◆ DATA SECTION

····················

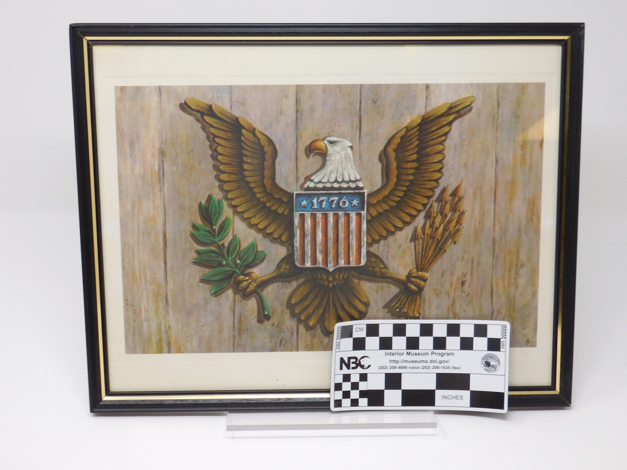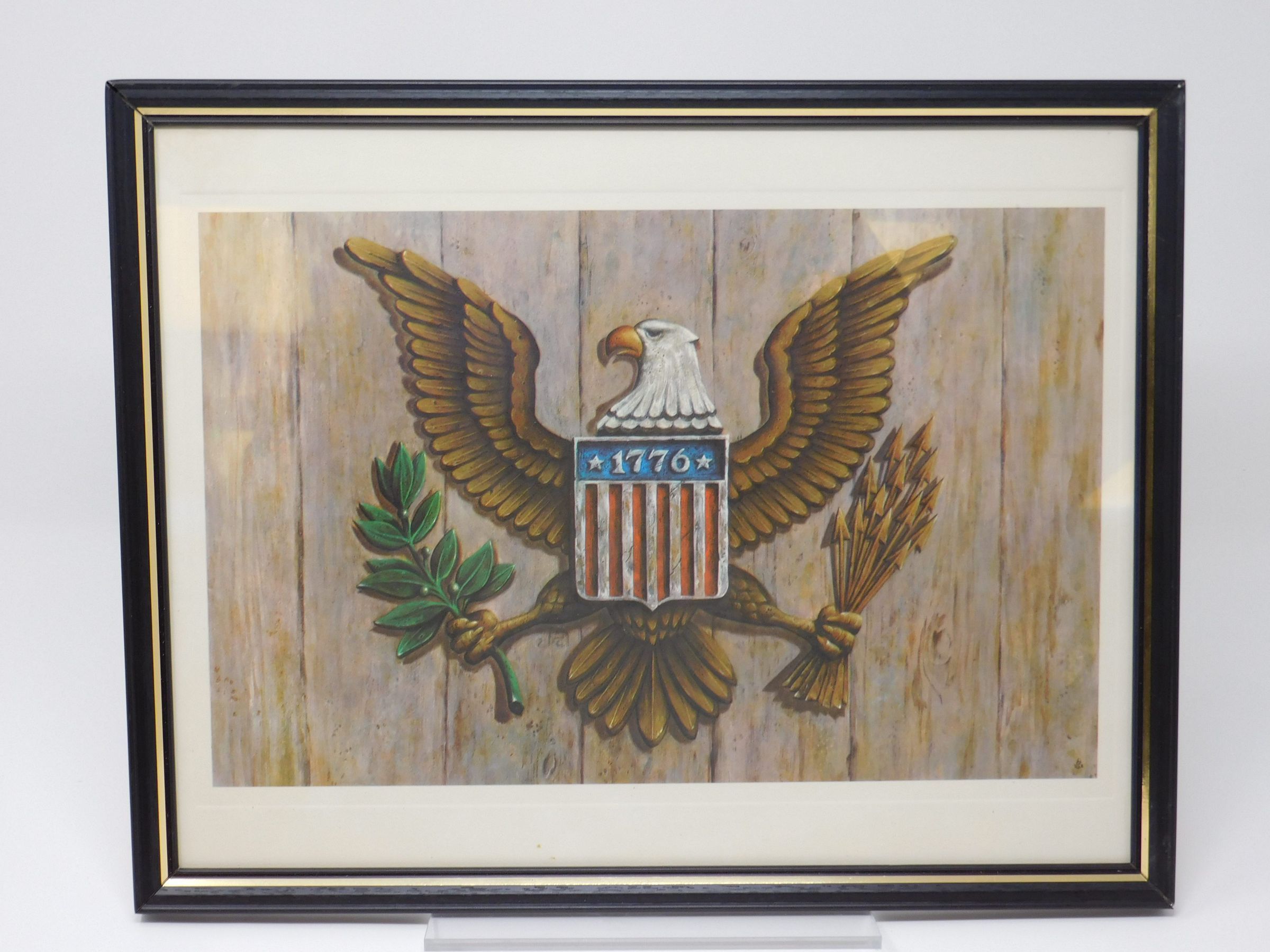 Framed print of an eagle holding an olive branch and a bundle of arrows with a red, white, and blue seal that reads "1776" over its chest. The background of the eagle are wood-like planks.Collection
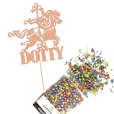 Cakeshop Cake Decoration Pack Carousel Horse Premium Double Sided Glitter Card Topper Sign & 25g Party of Sugar Sprinkles Custom Name Age Decorations (Rose Gold)
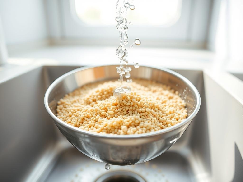 Start by rinsing 1 cup of quinoa under cold water for about 2 minutes. This helps remove the natural coating, called saponin, which can give a bitter taste.Make sure to use a fine-mesh strainer to catch all the tiny grains. -
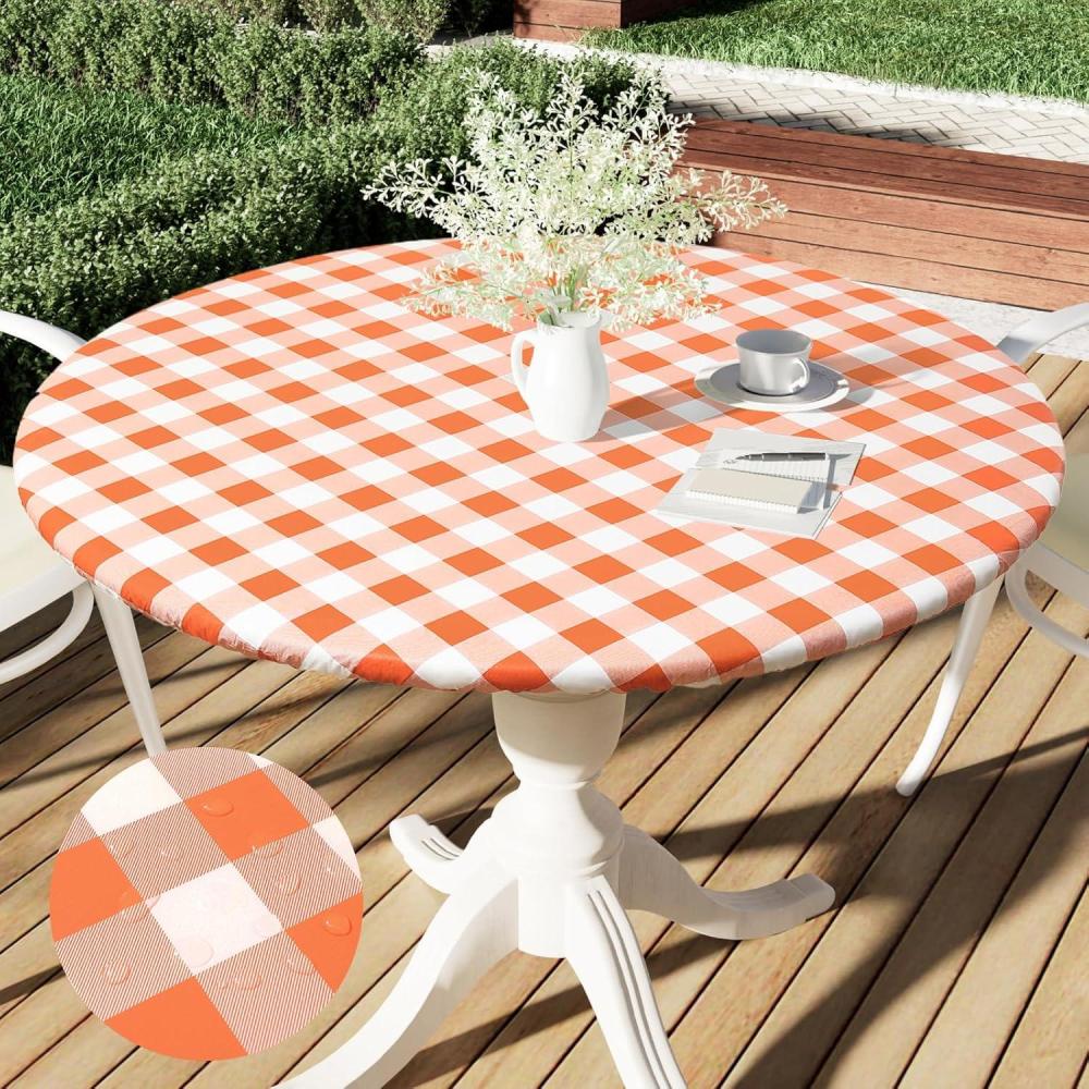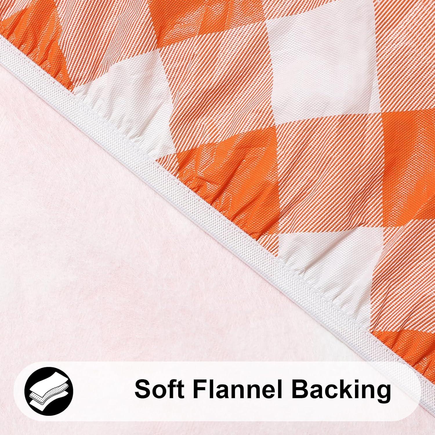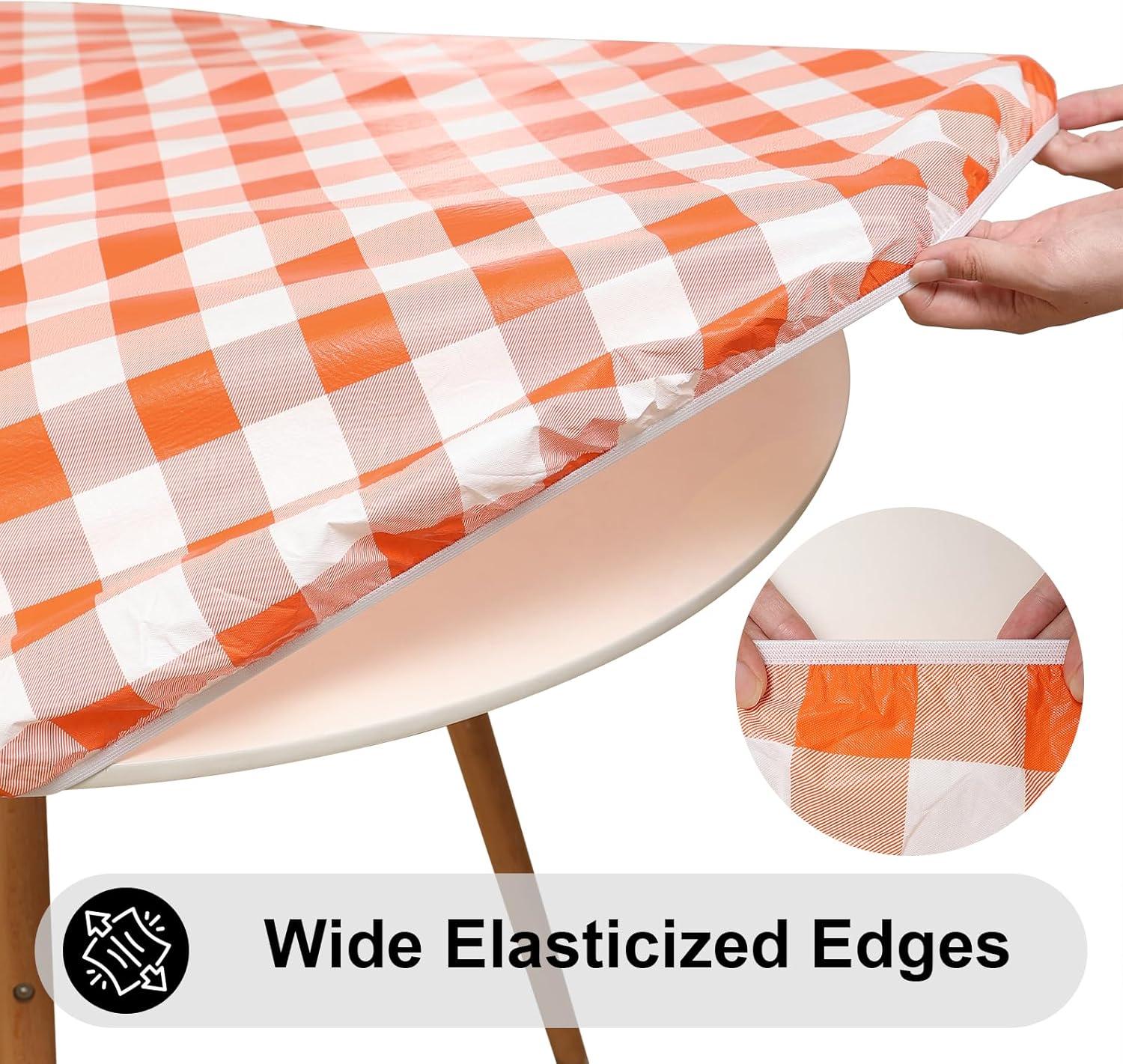 Smiry Round Picnic Table Cloth, Elastic Waterproof Fitted Vinyl Tablecloth for 36"-44" Tables, Flannel Backed Buffalo Plaid Table Covers for Dining, Camping, Outdoor, Black and White(Orange and White)

····················

◆ WHAT IS BEING ASKED
Copy out, with no pictures, the lines from the one containing "Cakeshop Cake Decoration" through the last line of the data above, both ends included and each word unchanged.

◆ YOUR SOLUTION
 Cakeshop Cake Decoration Pack Carousel Horse Premium Double Sided Glitter Card Topper Sign & 25g Party of Sugar Sprinkles Custom Name Age Decorations (Rose Gold)
 Start by rinsing 1 cup of quinoa under cold water for about 2 minutes. This helps remove the natural coating, called saponin, which can give a bitter taste.Make sure to use a fine-mesh strainer to catch all the tiny grains. -
 Smiry Round Picnic Table Cloth, Elastic Waterproof Fitted Vinyl Tablecloth for 36"-44" Tables, Flannel Backed Buffalo Plaid Table Covers for Dining, Camping, Outdoor, Black and White(Orange and White)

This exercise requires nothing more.